Indicative indecision

So, after much agitation, tomorrow will see the Commons finally arrive at the indicative vote stage, where, allegedly, our representatives will come up with a plan for Brexit that pleases everybody.

Or not; there are apparently going to be around sixteen schemes to choose from, on a spectrum between no-deal and no-exit, so it seems unlikely that any consensus will be reached. In any case, the government has made no commitment to accept the plan that emerges, which is actually understandable, since who knows what madness MPs will come up with, and the whole thing still has to be sold to the EU, who have repeatedly said that they are not interested in any more negotiations.

Theresa May did say today that she would choose a long article 50 extension over no-deal, though she has been changing her mind on this on a daily basis, so it’s difficult to take her seriously. There are some signs that sections of the ERG may cave in and finally back her deal out of fear that Brexit is slipping away, but the contingent determined to never surrender seems to be large enough to continue to frustrate any repeated vote.

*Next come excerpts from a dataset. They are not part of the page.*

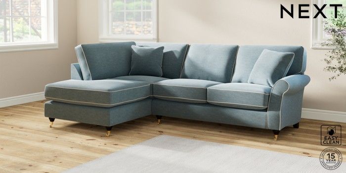 7.3.1 Buy Ashford Relaxed Sit Medium Corner Chaise - Left Hand Fine Chenille with Contrast Mid Blue and Oyster Castor - Dark from the Next UK online shop Click here to use our accessible website
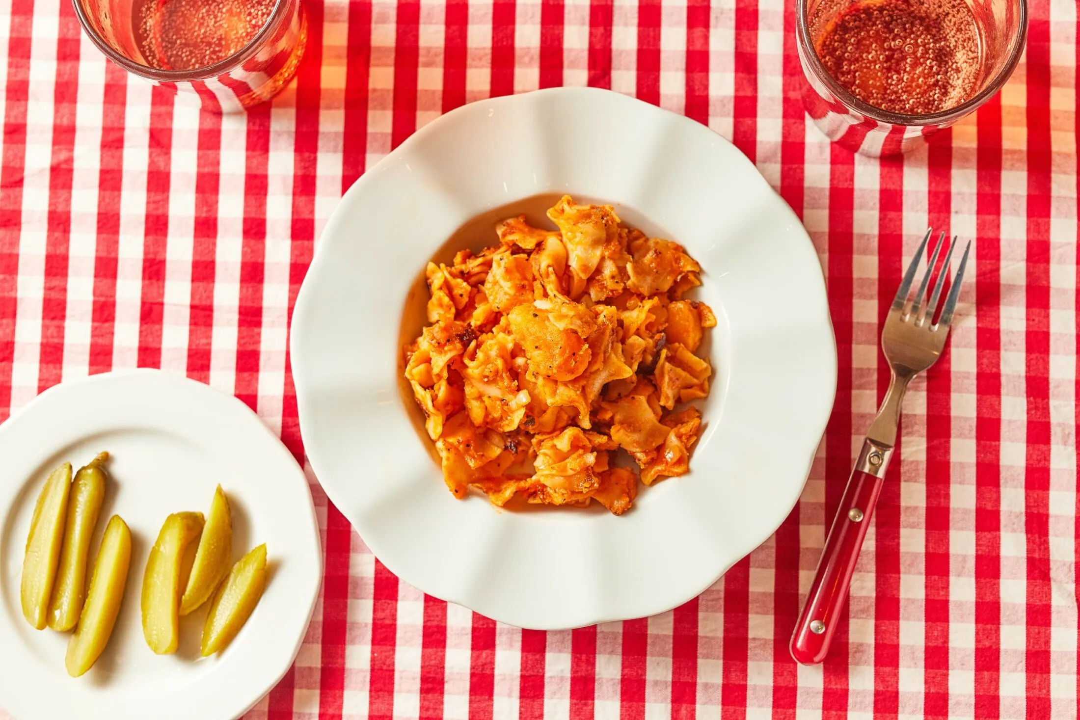 Zsírt melegítünk egy lapos, inkább szélesebb lábasban vagy nagyobb serpenyőben, és közepes hőfokon kb. 8 perc alatt megdinszteljük benne a finomra vágott vöröshagymát. Megszórjuk a fűszerpaprikával, hozzáadjuk a krumplit és erős hőfokon elkezdjük pirítani, miközben egy krumplinyomó segítségével darabosra törjük. Hozzáadjuk a tésztát, felöntjük a főzővízzel, sózzuk, borsozzuk – ez utóbbit ne sajnáljuk –, és erős hőfokon kb. 5 perc alatt lepirítjuk, majd tálalunk.
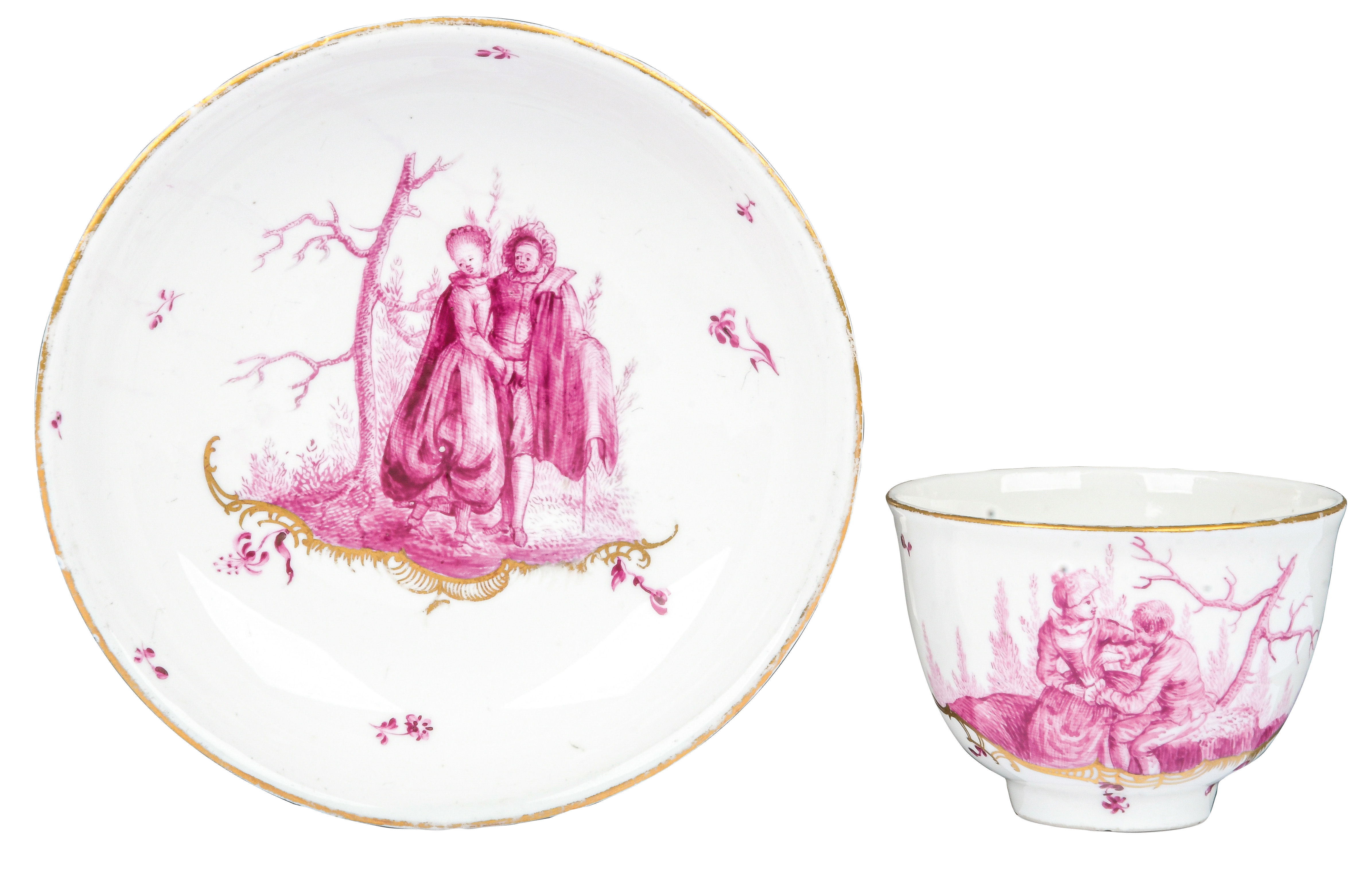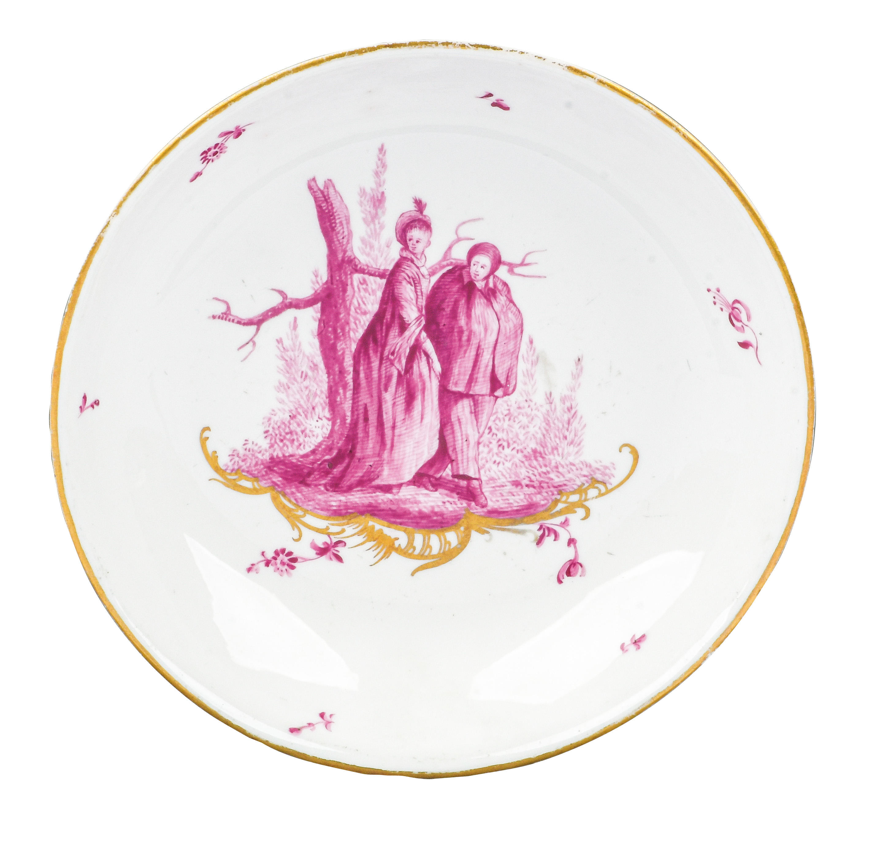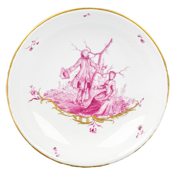 Malermonogramm „R“, Ritzzeichen „B2“, REM Sammlungs-No. 002250. Zugehörig zu einem 19-tlge. Frankenthaler Porzellanservice der Familie Andreas Jordan (1775-1848). Alle Teile exzellent purpurn bemalt mit Figuren, Komödien- und Watteauszenerien in Landschaft auf gold staffierten Rocailleterrassen, teilweise sparsam überdekoriert, Ränder gold gesäumt. Porzellan, am Boden unterglasurblaue, bekrönte, ligierte CT-Marke.Zuerst werden die Serviceteile (Kat.Nr. 371 bis 389) einzeln versteigert. Im Nachgang werden die Einzelbeträge addiert und der höchste Gesamtbetrag erhält den Zuschlag.

There doesn’t look to be any way that the current parliament can agree on a route out of this mess; logically the solution would appear to be a general election, but logic left this process a long time ago. Even at this late stage it’s impossible to predict what is going to happen, but if I had to make a guess, I’d go for: continuing stalemate into next week; another failed attempt to get May’s deal through; the EU granting a longer delay to allow time for an election; Labour winning on a platform of soft Brexit subject to confirmation in a second referendum; the electorate deciding to stay in the EU after all; everyone wondering why we wasted years debating all this nonsense.